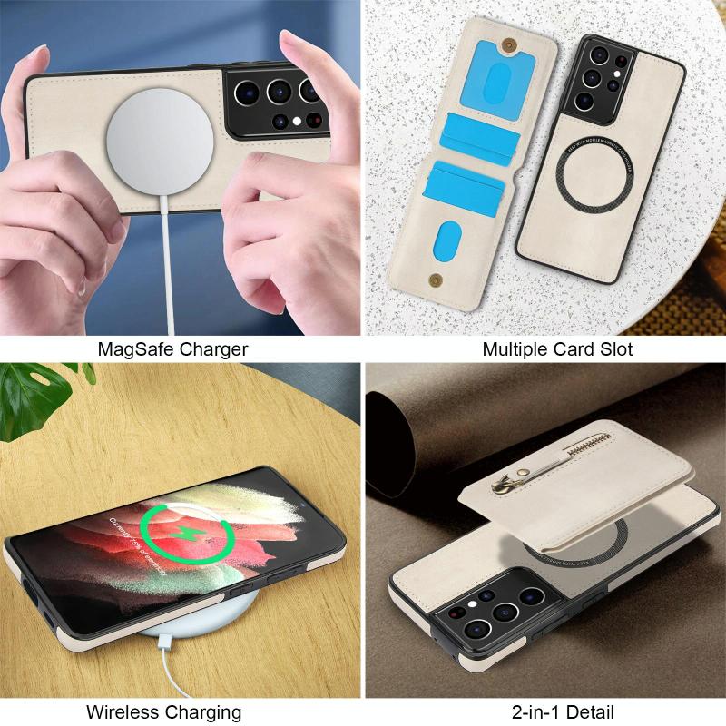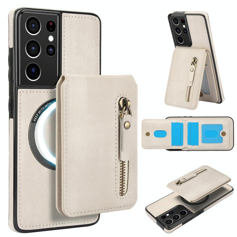 For Samsung Galaxy S21 Ultra 5G Zipper Wallet Split MagSafe Leather Back Phone Case(White)
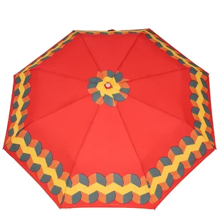 Parasolka damska automatyczna "Tarcze na czerwonym" to doskonałe rozwiązanie na deszczowe dni, które łączy funkcjonalność z elegancją. Parasolka posiada trzy...
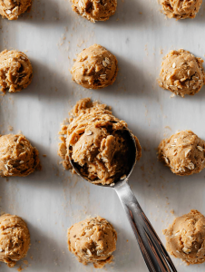 - Scoop tablespoon-sized portions of dough onto the prepared baking sheet, spacing them about 2 inches apart to allow room for spreading.
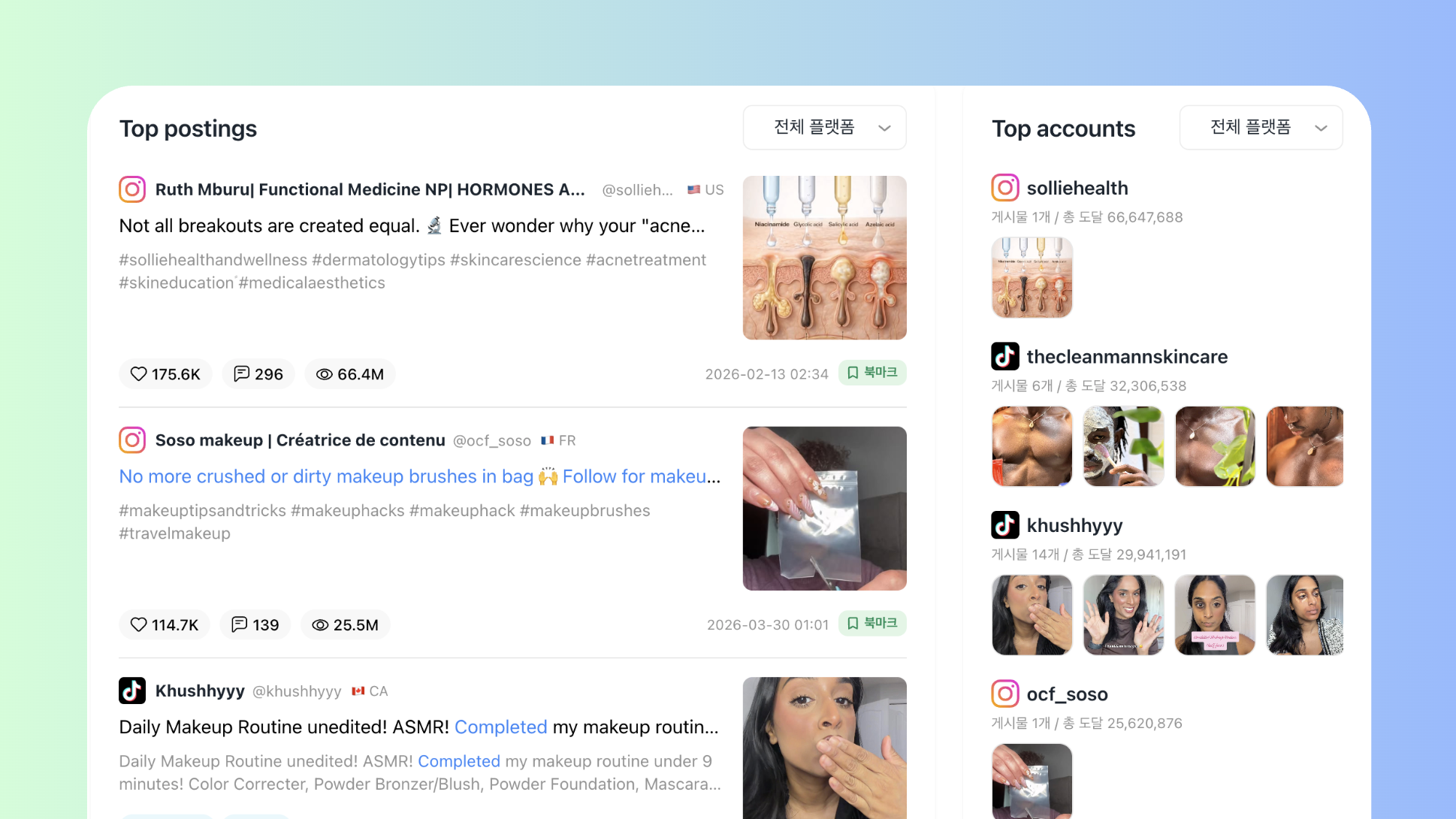 특정 브랜드의 소셜 활동이나 그들이 협업한 인플루언서가 궁금하다면?

----------

Exercise:
Write out every line of the listing exactly as written, and leave the pictures out.

Solution for this problem:
 For Samsung Galaxy S21 Ultra 5G Zipper Wallet Split MagSafe Leather Back Phone Case(White)
 Parasolka damska automatyczna "Tarcze na czerwonym" to doskonałe rozwiązanie na deszczowe dni, które łączy funkcjonalność z elegancją. Parasolka posiada trzy...
 - Scoop tablespoon-sized portions of dough onto the prepared baking sheet, spacing them about 2 inches apart to allow room for spreading.
 특정 브랜드의 소셜 활동이나 그들이 협업한 인플루언서가 궁금하다면?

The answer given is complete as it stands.